The architecture of the snapbench simulation is deliberately simplified, utilizing three distinct components: a Rust-based controller, an OpenRouter-powered VLM (Vision-Language Model) and a Zig/raylib-based simulation. The controller orchestrates the flow of the simulation, managing communication between the VLM and the simulation. The VLM is responsible for interpreting instructions and generating commands, while the simulation handles the visual representation and physics of the environment. The use of OpenRouter as the interface allows the VLM to function as a relatively standard LLM, facilitating easy comparison across different models. The Zig/raylib component is responsible for rendering the 3D world and handling drone movement.

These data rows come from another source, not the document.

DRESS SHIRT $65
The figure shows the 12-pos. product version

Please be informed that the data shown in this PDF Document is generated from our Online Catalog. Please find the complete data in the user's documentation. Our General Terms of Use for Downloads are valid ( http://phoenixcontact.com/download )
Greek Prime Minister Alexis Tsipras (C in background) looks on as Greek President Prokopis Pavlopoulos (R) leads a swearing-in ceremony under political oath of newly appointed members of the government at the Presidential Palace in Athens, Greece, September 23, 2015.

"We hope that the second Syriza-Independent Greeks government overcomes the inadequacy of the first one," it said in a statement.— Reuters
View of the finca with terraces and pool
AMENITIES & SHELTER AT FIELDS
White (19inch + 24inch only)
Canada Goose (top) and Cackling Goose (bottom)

The simulation itself generates a procedural voxel world and spawns four creatures—cats, dogs, pigs, and sheep—for the drone to discover. The core interaction loop involves the drone moving through the environment, taking screenshots, and receiving commands from the VLM based on its observations. The VLM is given the prompt “pilot a drone through a 3D voxel world and find 3 creatures.” The objective is for the drone to successfully identify three creatures, where identification is defined as being within 5 units of the target. The benchmark is executed using the `uv` command-line tool, enabling easy manual testing.

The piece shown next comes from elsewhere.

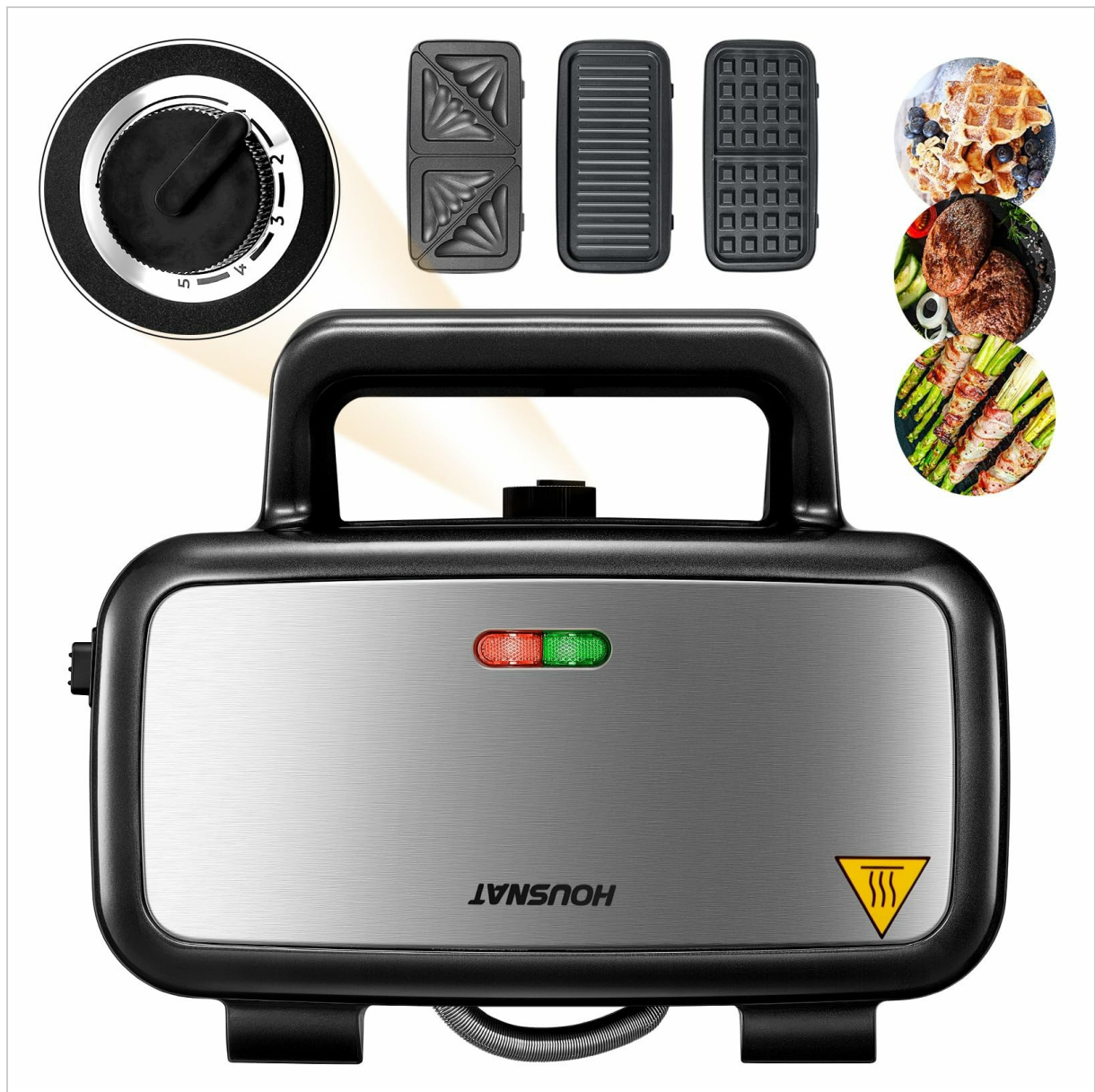
Figure 1: HOUSNAT 3-in-1 Sandwich Maker.

The snapshotbench experiment resulted in a notable disparity in performance among the seven frontier LLMs evaluated. Gemini Flash emerged as the sole successful participant, demonstrating the ability to navigate and identify the three creatures. The other models consistently failed, with the Claude Opus exhibiting a particularly puzzling behavior – aggressively attempting to identify the creatures despite never adjusting its approach angle. This suggests a fundamental difference in how the models approach the task—Flash appears to understand the need for descent to achieve identification, whereas other models treat the prompt as a simple instruction without a requirement to prioritize altitude control. A key observation was the "two-creature anomaly," triggered by the random spawning of two creatures close together, leading to one model’s success in finding both. Given the limited iteration limits (50), this coincidence underscored the relatively short time constraints of the benchmark.

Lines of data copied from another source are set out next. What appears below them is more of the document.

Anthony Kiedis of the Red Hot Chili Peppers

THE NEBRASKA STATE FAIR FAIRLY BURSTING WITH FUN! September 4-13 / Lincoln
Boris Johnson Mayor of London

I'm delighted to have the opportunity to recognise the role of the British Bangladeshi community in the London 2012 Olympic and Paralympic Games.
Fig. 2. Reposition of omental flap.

The project highlights the surprising finding that larger, more expensive models don't necessarily perform better in simple embodied tasks. The success of the cheaper Gemini 3 Flash model suggests that, at least in this context, model size isn't the primary driver of success. It highlights the importance of instruction following and potentially the training data used for each model. Further research could benefit from exploring factors such as model-specific prompts, richer feedback mechanisms (incorporating spatial context like distance readings and a minimap), and multi-agent configurations.

The development of snapbench includes rough edges—it is, in effect, a rudimentary experimental project rather than a polished benchmark suite. The prompts are a single blanket prompt used across all models, as is the limited scope of the simulation and the relatively brief iteration limits. The resulting dataset is valuable, however, and further experimentation could reveal valuable insights into the capabilities and limitations of LLMs in spatial reasoning and navigation. The project also includes a call for assets such as Pokémon models from Poly Pizza, a recognition of the creative use of existing assets. Future iterations of the project could also benefit from a more realistic drone benchmark (e.g., utilizing a BetaFPV drone instead of a simulator). Although the project may not produce a rigorous benchmark, it effectively serves as a starting point for experimenting with and understanding the potential of LLMs in embodied and spatial tasks.